Sailing, Navigation, and Canoe Culture in the Marshall Islands

Not a Library event, but it certainly looks interesting!


Sailing, Navigation, and Canoe Culture in the Marshall Islands
Joseph Genz and Rachel Miller
Wednesday, 26 October 2011
12:00 noon
EWC Burns Hall, Room 3015/3019

The canoe tradition is a foundation of Marshallese culture. In addition to being a highly advanced maritime craft, the Marshallese canoe embodies key values and practices of traditional Marshallese culture.

To guide voyaging canoes among the many low-lying atolls, Marshallese navigators took the common land-finding technique of detecting how islands affect the patterning of swells and currents and developed it into a comprehensive system of navigation.
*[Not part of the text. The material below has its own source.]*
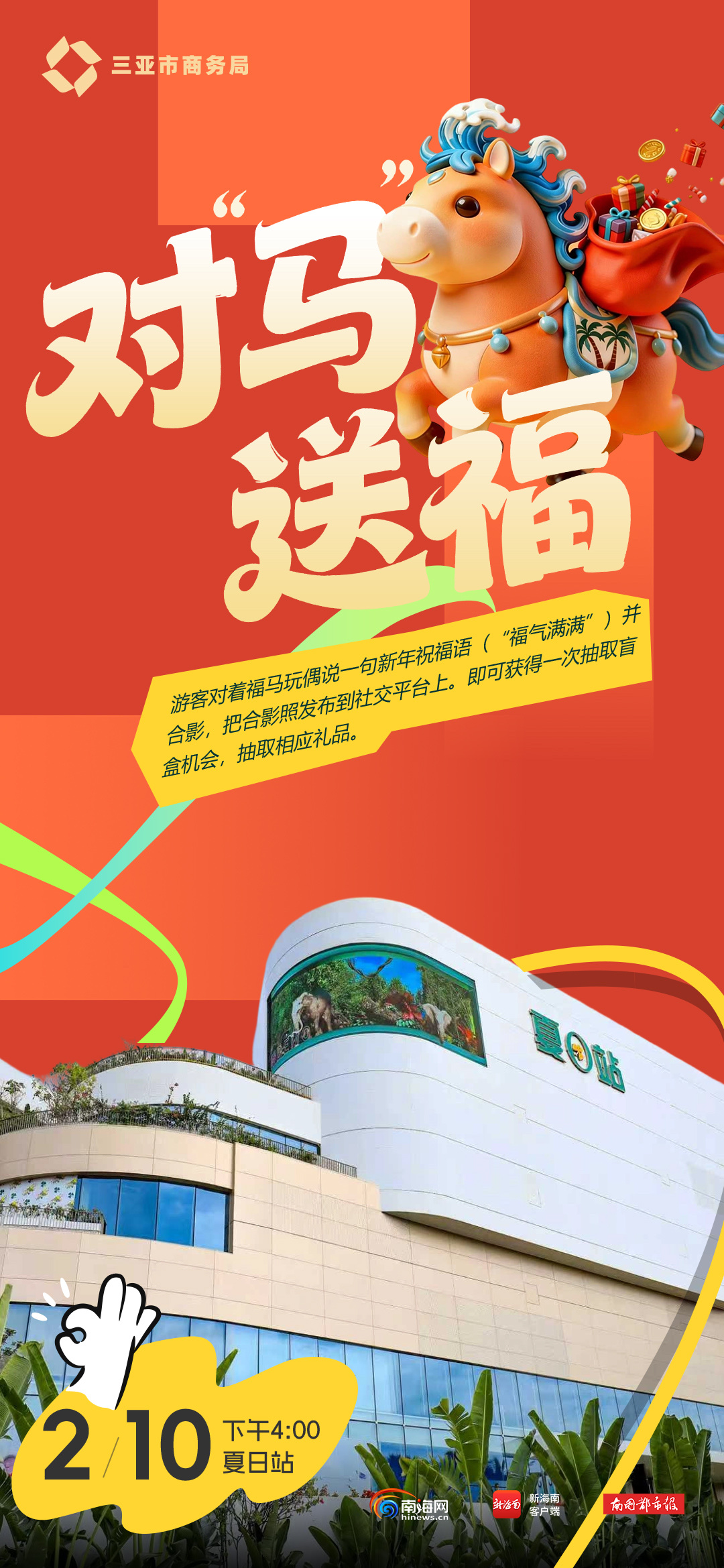 南海网、新海南客户端2月9日消息(记者 林师堂)岁末年味渐浓,马年新春将至。为持续点燃新春消费热情,丰富市民与游客节日体验,“乐购三亚 马力全开”2026年新春年货节特别推出福气“马”上抓——偶遇打卡系列互动活动,将于2月10日下午4点在三亚夏日站惊喜开启,以萌趣互动与新春好礼,传递马年吉祥福气,点亮海岛新春仪式感。

Through a combination of photos, videos, and models, Joseph Genz will provide an overview of Marshallese swell-pattern navigation and forms of instruction. He will also describe the current state of the voyaging revival in the Marshalls.

Rachel Miller’s Hawaii Council for the Humanities-funded video project, Wa Kuk Wa Jimor — Marshallese Canoes Today, is an exploration of the state and shape of the Marshall Islands canoe tradition for Marchallese people today; how and why it has changed over time and how it articulates with broader Marshallese culture and the modern way of life. In this talk, Miller will present briefly on the Marshallese outrigger canoe, her connection to the Marshalls and her current project, a documentary video exploring the contemporary role of the canoe tradition in the Marshall Islands.